The Bitter Cry of the Children

Part 2

Chapter 23,856 wordsPublic domain

To the child as to the adult the principal evils of poverty are material ones,—lack of nourishing food, of suitable clothing, and of healthy home surroundings. These are the fundamental evils from which all others arise. The younger children are spared the anxiety, shame, and despair felt by their parents and by their older brothers and sisters, but they suffer terribly from neglect when, as so often happens, their mothers are forced to abandon the most important functions of motherhood to become wage-earners. The cry of a child for food which its mother is powerless to give it is the most awful cry the ages have known. Even the sound of battle, the mingled shrieks of wounded man and beast, and the roar of guns, cannot vie with it in horror. Yet that cry goes up incessantly: in the world’s richest cities the child’s hunger-cry rises above the din of the mart. Fortunate indeed is the child whose lips have never uttered that cry, who has never gone breakfastless to play or supperless to bed. For periods of destitution come sooner or later to a majority of the proletarian class. Practically all the unskilled laborers and hundreds of thousands engaged in the skilled trades are so entirely dependent upon their weekly wages, that a month’s sickness or unemployment brings them to hunger and temporary dependence. Not long ago, in the course of an address before the members of a labor union, I asked all those present who had ever had to go hungry, or to see their children hungry, as a result of sickness, accident, or unemployment to raise their hands. No less than one hundred and eighty-four hands were raised out of a total attendance of two hundred and nineteen present, yet these were all skilled workers protected in a measure by their organization.

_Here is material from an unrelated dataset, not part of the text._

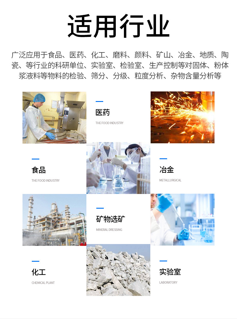 Product introduction檢驗篩又稱標準篩、檢驗分析篩、實驗篩等,是一種專門檢驗物料粒度的一種篩分設備。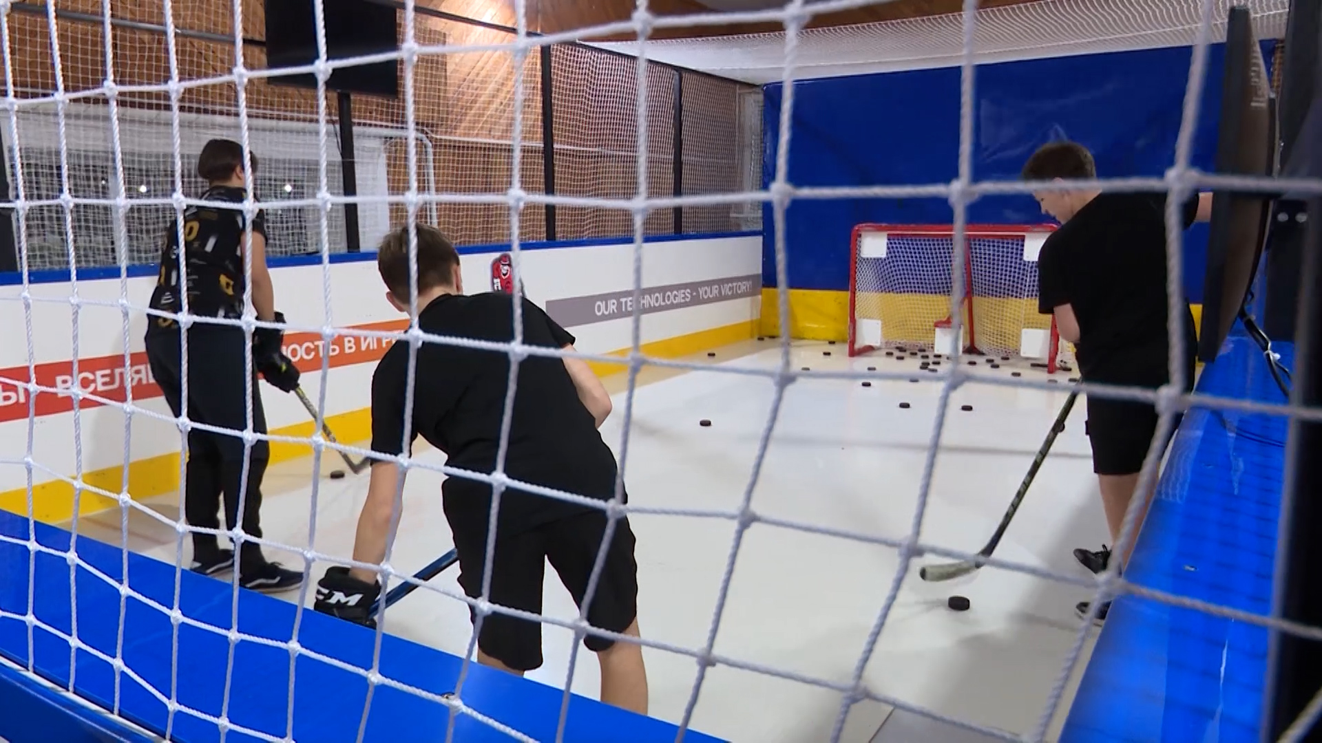В Уренгое хоккеисты отрабатывают броски на специальном тренажёре

It is not, however, the occasional hunger, the loss of a few meals now and then in such periods of distress, that is of most importance; it is the chronic underfeeding day after day, month after month, year after year. Even where lack of all food is rarely or never experienced, there is often chronic underfeeding. There may be food sufficient as to quantity, but qualitatively poor and almost wholly lacking in nutritive value, and such is the tragic fate of those dependent upon it that they do not even know that they are underfed in the most literal sense of the word. They live and struggle and go down to their graves without realizing the fact of their disinheritance. A plant uprooted and left lying upon the ground withers quickly and dies; planted in dry, lifeless, arid soil it would wither and die, too, less quickly perhaps but as surely. It dies when there is no soil about its roots and it dies when there is soil in abundance, but no nourishing qualities in the soil. As the plant is, so is the life of a child; where there is no food, starvation is swift, mercifully swift, and complete; when there is only poor food lacking in nutritive qualities starvation is partial, slower, and less merciful. The thousands of rickety infants to be seen in all our large cities and towns, the anæmic, languid-looking children one sees everywhere in working-class districts, and the striking contrast presented by the appearance of the children of the well-to-do bear eloquent witness to the widespread prevalence of underfeeding.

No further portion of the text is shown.